Stored items

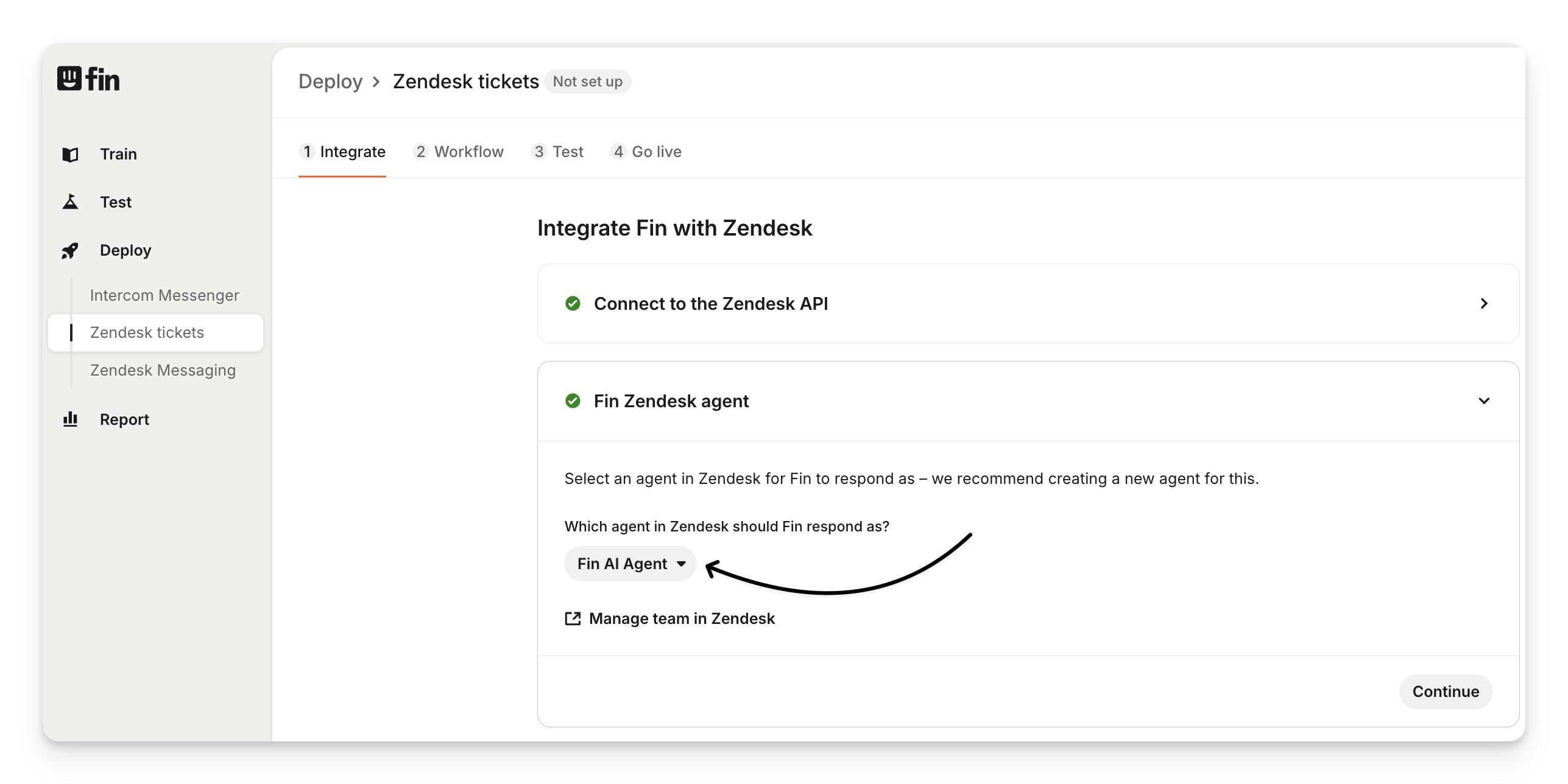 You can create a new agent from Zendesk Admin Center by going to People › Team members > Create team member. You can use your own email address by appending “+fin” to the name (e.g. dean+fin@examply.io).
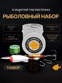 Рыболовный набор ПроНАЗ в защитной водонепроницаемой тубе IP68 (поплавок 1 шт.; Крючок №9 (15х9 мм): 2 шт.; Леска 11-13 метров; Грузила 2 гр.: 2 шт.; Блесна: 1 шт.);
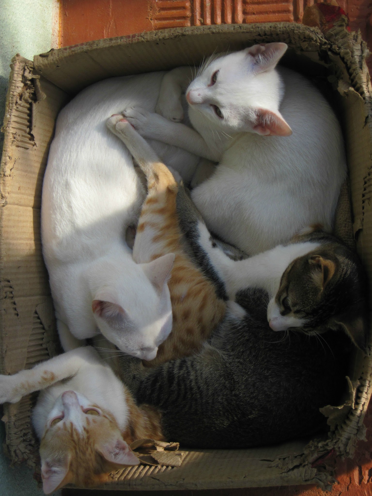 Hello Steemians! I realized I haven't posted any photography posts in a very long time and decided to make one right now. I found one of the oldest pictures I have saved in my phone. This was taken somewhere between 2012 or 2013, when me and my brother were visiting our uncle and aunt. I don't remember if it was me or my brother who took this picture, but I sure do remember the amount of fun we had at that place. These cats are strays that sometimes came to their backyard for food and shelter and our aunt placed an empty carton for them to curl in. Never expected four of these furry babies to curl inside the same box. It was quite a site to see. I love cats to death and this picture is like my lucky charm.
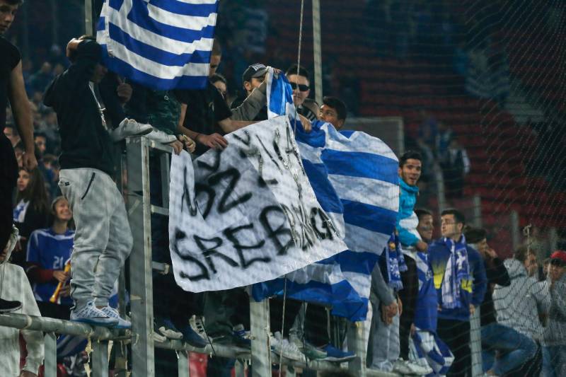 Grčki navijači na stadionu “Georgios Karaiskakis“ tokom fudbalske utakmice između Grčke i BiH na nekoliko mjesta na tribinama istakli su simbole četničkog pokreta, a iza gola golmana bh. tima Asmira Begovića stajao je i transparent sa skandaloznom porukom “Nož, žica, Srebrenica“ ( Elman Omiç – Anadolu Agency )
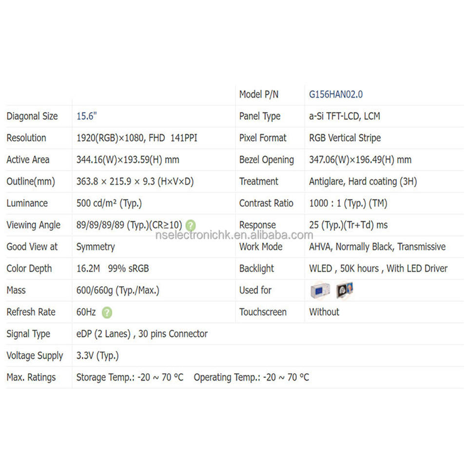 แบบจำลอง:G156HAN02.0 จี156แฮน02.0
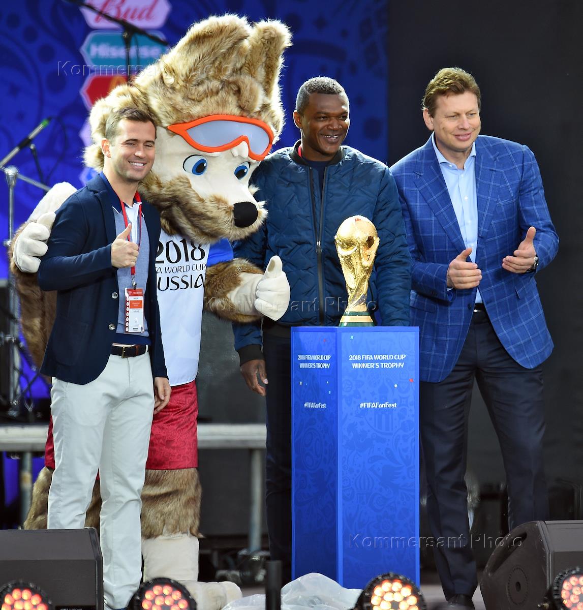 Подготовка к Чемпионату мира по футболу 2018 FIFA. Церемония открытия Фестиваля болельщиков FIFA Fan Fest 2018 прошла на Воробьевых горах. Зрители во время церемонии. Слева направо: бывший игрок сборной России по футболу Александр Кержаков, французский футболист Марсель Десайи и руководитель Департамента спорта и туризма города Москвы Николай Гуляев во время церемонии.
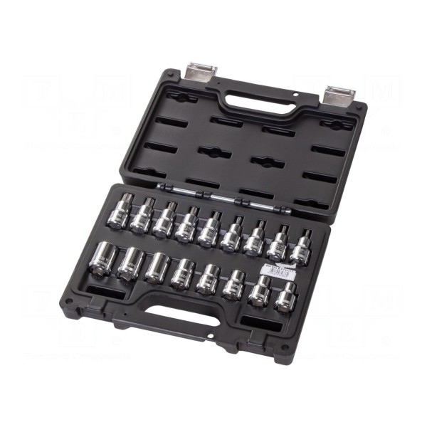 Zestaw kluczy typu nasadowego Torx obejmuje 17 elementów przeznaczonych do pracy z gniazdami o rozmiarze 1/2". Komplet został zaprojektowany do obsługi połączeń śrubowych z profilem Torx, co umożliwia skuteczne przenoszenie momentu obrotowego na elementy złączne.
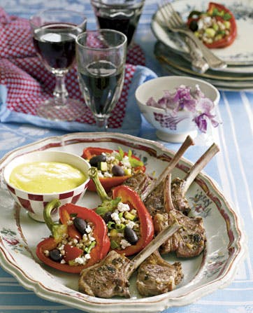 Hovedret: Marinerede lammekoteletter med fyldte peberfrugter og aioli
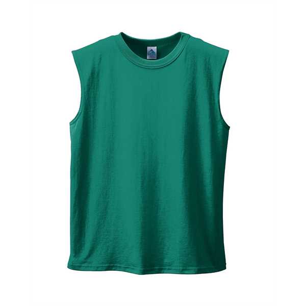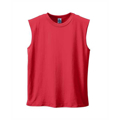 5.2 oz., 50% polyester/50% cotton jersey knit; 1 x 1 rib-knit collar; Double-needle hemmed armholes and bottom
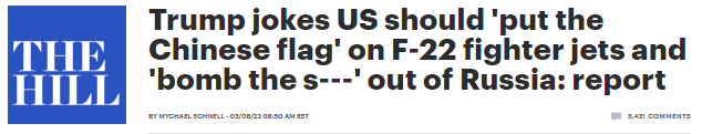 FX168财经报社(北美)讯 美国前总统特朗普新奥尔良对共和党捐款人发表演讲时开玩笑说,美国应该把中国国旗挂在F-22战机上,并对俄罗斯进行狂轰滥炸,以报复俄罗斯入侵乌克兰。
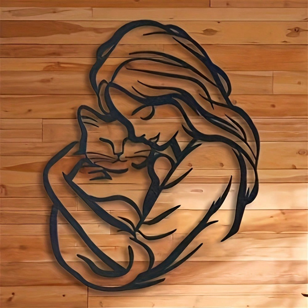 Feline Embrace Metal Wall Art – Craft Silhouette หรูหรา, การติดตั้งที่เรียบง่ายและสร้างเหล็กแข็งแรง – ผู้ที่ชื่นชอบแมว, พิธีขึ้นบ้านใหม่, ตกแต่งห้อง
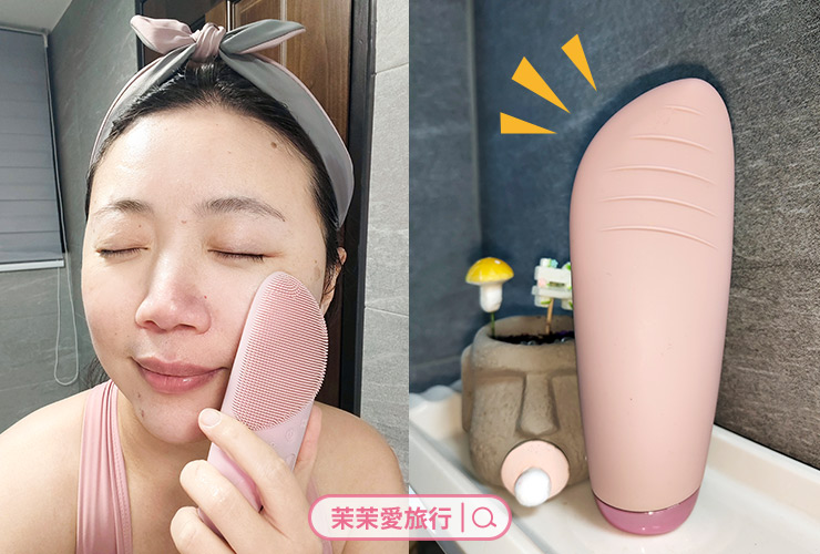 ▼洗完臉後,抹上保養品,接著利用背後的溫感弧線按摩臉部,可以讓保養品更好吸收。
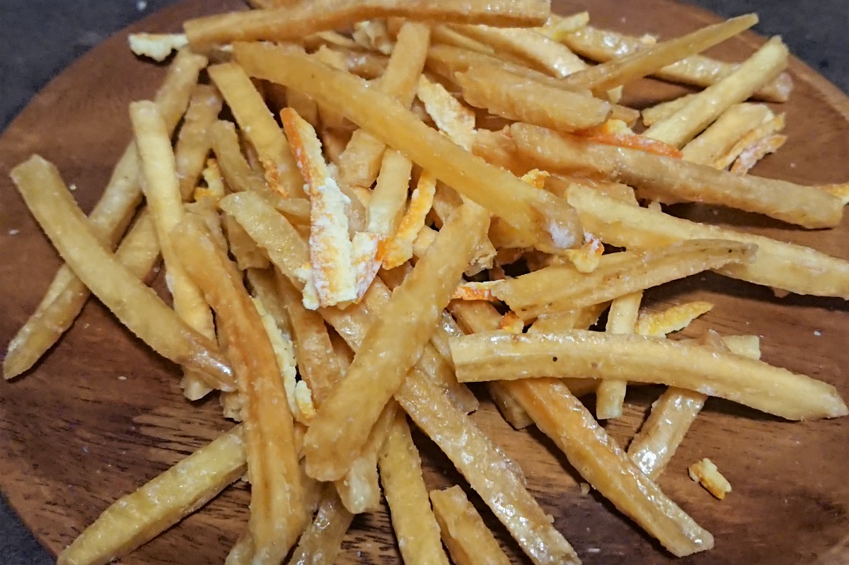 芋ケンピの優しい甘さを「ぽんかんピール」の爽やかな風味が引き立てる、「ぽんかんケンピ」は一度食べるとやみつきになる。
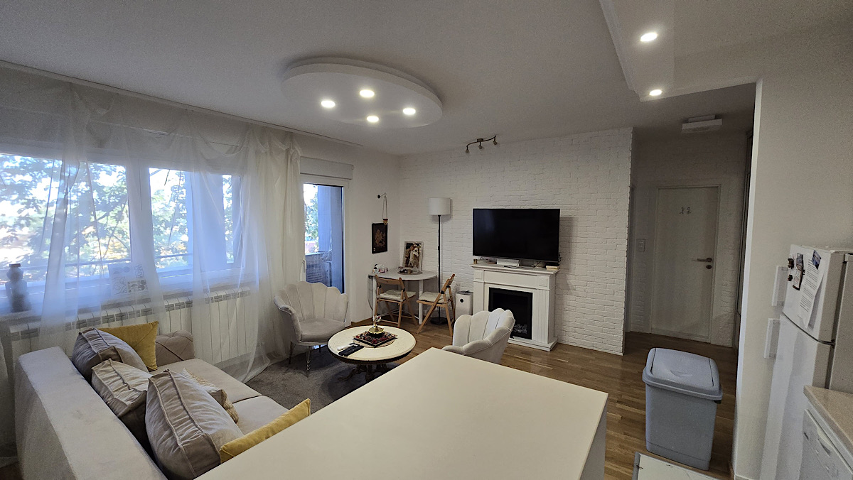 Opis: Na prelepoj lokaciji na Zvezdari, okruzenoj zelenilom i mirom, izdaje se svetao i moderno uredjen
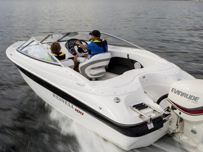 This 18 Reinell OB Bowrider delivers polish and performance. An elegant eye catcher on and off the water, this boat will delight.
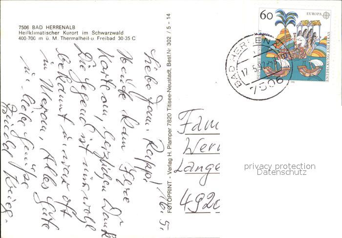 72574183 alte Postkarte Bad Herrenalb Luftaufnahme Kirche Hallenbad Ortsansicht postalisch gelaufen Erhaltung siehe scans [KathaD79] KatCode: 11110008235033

TASK ITEM ▸
Omit every picture, then write out the entries above exactly.

TASK SOLUTION ▸
 You can create a new agent from Zendesk Admin Center by going to People › Team members > Create team member. You can use your own email address by appending “+fin” to the name (e.g. dean+fin@examply.io).
 Рыболовный набор ПроНАЗ в защитной водонепроницаемой тубе IP68 (поплавок 1 шт.; Крючок №9 (15х9 мм): 2 шт.; Леска 11-13 метров; Грузила 2 гр.: 2 шт.; Блесна: 1 шт.);
 Hello Steemians! I realized I haven't posted any photography posts in a very long time and decided to make one right now. I found one of the oldest pictures I have saved in my phone. This was taken somewhere between 2012 or 2013, when me and my brother were visiting our uncle and aunt. I don't remember if it was me or my brother who took this picture, but I sure do remember the amount of fun we had at that place. These cats are strays that sometimes came to their backyard for food and shelter and our aunt placed an empty carton for them to curl in. Never expected four of these furry babies to curl inside the same box. It was quite a site to see. I love cats to death and this picture is like my lucky charm.
 Grčki navijači na stadionu “Georgios Karaiskakis“ tokom fudbalske utakmice između Grčke i BiH na nekoliko mjesta na tribinama istakli su simbole četničkog pokreta, a iza gola golmana bh. tima Asmira Begovića stajao je i transparent sa skandaloznom porukom “Nož, žica, Srebrenica“ ( Elman Omiç – Anadolu Agency )
 แบบจำลอง:G156HAN02.0 จี156แฮน02.0
 Подготовка к Чемпионату мира по футболу 2018 FIFA. Церемония открытия Фестиваля болельщиков FIFA Fan Fest 2018 прошла на Воробьевых горах. Зрители во время церемонии. Слева направо: бывший игрок сборной России по футболу Александр Кержаков, французский футболист Марсель Десайи и руководитель Департамента спорта и туризма города Москвы Николай Гуляев во время церемонии.
 Zestaw kluczy typu nasadowego Torx obejmuje 17 elementów przeznaczonych do pracy z gniazdami o rozmiarze 1/2". Komplet został zaprojektowany do obsługi połączeń śrubowych z profilem Torx, co umożliwia skuteczne przenoszenie momentu obrotowego na elementy złączne.
 Hovedret: Marinerede lammekoteletter med fyldte peberfrugter og aioli
 5.2 oz., 50% polyester/50% cotton jersey knit; 1 x 1 rib-knit collar; Double-needle hemmed armholes and bottom
 FX168财经报社(北美)讯 美国前总统特朗普新奥尔良对共和党捐款人发表演讲时开玩笑说,美国应该把中国国旗挂在F-22战机上,并对俄罗斯进行狂轰滥炸,以报复俄罗斯入侵乌克兰。
 Feline Embrace Metal Wall Art – Craft Silhouette หรูหรา, การติดตั้งที่เรียบง่ายและสร้างเหล็กแข็งแรง – ผู้ที่ชื่นชอบแมว, พิธีขึ้นบ้านใหม่, ตกแต่งห้อง
 ▼洗完臉後,抹上保養品,接著利用背後的溫感弧線按摩臉部,可以讓保養品更好吸收。
 芋ケンピの優しい甘さを「ぽんかんピール」の爽やかな風味が引き立てる、「ぽんかんケンピ」は一度食べるとやみつきになる。
 Opis: Na prelepoj lokaciji na Zvezdari, okruzenoj zelenilom i mirom, izdaje se svetao i moderno uredjen
 This 18 Reinell OB Bowrider delivers polish and performance. An elegant eye catcher on and off the water, this boat will delight.
 72574183 alte Postkarte Bad Herrenalb Luftaufnahme Kirche Hallenbad Ortsansicht postalisch gelaufen Erhaltung siehe scans [KathaD79] KatCode: 11110008235033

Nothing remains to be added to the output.